“Enola Holmes 3” opened to 20.3 million views in its first five days on Netflix, a debut that landed well below the franchise’s previous installment despite a Fourth of July holiday release window. The film, starring Millie Bobby Brown as the teenage detective sister of Sherlock Holmes, drew a fraction of the audience that greeted “Enola Holmes 2,” which pulled in roughly 29.8 million views over a comparable early stretch in 2022, marking a drop of about 32 percent.
The sequel also trailed two other recent Netflix film launches. “Voicemails for Isabelle” opened to 31 million views, and “Office Romance” landed close to Enola’s number at 20.9 million. Industry watchers note the comparison isn’t entirely apples-to-apples, since Netflix is measuring “Enola Holmes 3” against a holiday frame that included stiff competition from the ongoing FIFA World Cup, which has drawn record audiences to broadcast and streaming rivals in the United States.

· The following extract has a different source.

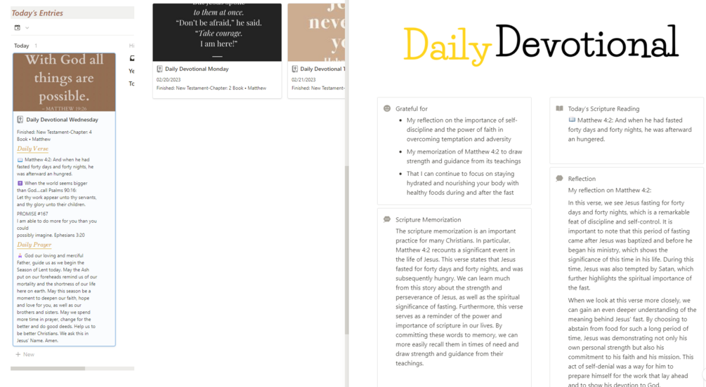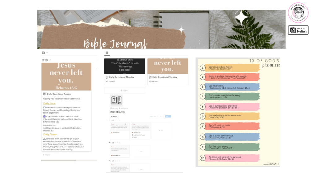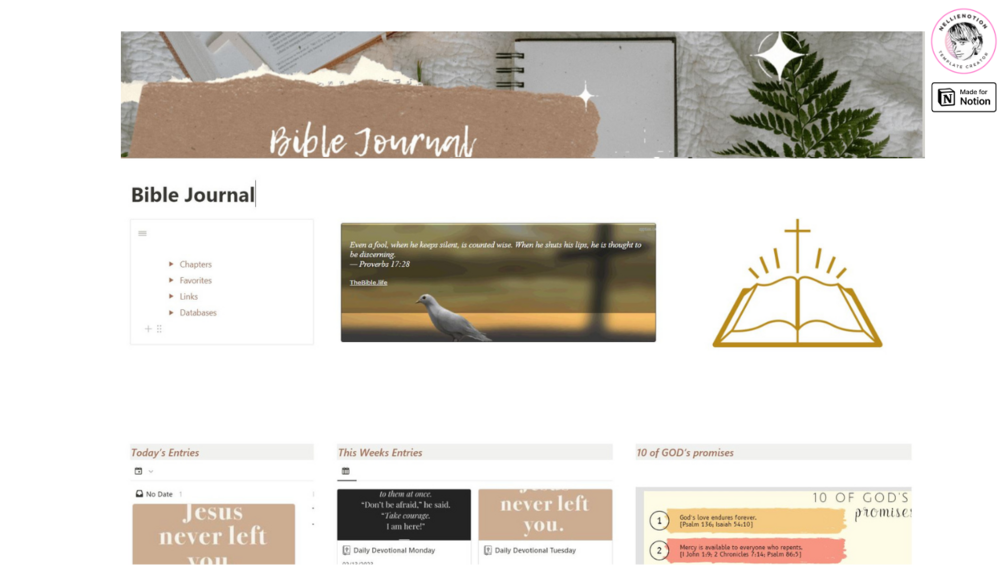 Bible Journal is a Notion template that gives people a fun and meaningful way to study the Bible. It is a space that encourages users to explore the Bible more deeply and to document their thoughts and reflections, as well as to track their progress as they study and read the Bible. It provides a broad range of tools and features that make it easy to keep track of key passages, and to write notes. With Bible Journal, users can gain a better understanding of the Bible and its wisdom, while also expressing themselves in a unique and personal way.

The film picks up with Enola preparing to marry Lord Tewkesbury, played by Louis Partridge, only for the wedding to unravel when her brother Sherlock, played by Henry Cavill, goes missing. The disruption sends her chasing a new case across Malta. Despite the softer opening, the movie still topped Netflix’s English-language film chart for the week and outpaced other titles competing for attention on the platform, including “Little Brother” with Eric André and John Cena.

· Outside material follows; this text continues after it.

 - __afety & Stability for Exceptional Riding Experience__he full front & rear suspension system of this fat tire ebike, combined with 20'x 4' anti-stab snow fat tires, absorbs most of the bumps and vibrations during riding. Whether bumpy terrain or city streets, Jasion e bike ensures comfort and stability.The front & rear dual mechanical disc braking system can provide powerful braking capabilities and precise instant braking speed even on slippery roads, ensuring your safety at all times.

While the film franchise cooled, one of Netflix’s television originals kept climbing. “I Will Find You,” the streamer’s first American adaptation of a Harlan Coben novel, added another 16 million views in its third week, pushing its total to 74.1 million in just 18 days.
The eight-episode series stars Sam Worthington as a father wrongfully imprisoned for his son’s murder who sets out to find the boy after learning he may still be alive. Its sustained momentum puts it within reach of Netflix’s all-time most-popular English series list, a ranking that has previously been topped by another Coben adaptation, “Fool Me Once.”

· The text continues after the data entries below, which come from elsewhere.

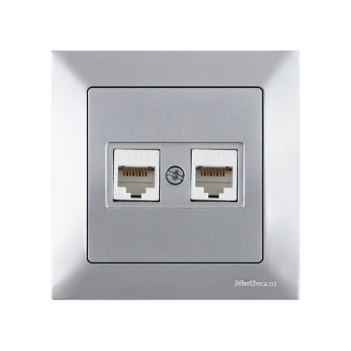 Розетка компьютерная 2xRJ45 (Cat6, скрытая) серебро, DARIA, MUTLUSAN
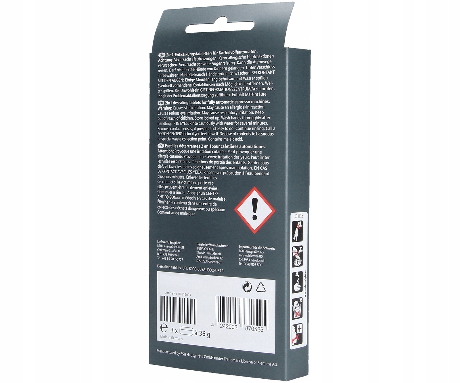 Таблетки TZ80002B серии EQ прекрасно удаляют белый налет со стенок контейнера для воды в каждой кофемашине. После введения в устройство таблетка Siemens растворяет накипь, присутствующую на стенках системы и заварочном модуле. Таблетки TZ80002B EQ эффективно удаляют накипь, заботясь о системе нагрева кофемашины. Они обеспечивают длительную защиту от накипи в водопроводных линиях. Они не меняют вкус приготовленных напитков и оставляют безопасный аромат.
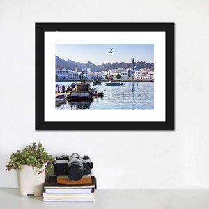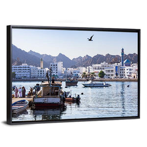 A realistic view of Muttrah’s fish docks, showing fishing boats, waterfront buildings, a mosque and distant mountains. Sunlit blues, whites and soft browns create a serene, tranquil atmosphere. Suits modern or coastal-inspired rooms and simple wall décor schemes.

Netflix does not release comparable viewership figures for the original 2020 “Enola Holmes,” making direct three-film comparisons difficult. The streamer’s weekly rankings, drawn from hours viewed converted into an estimated view count, remain the primary public gauge of how its original films and series perform once they leave theaters behind entirely for a straight-to-streaming release.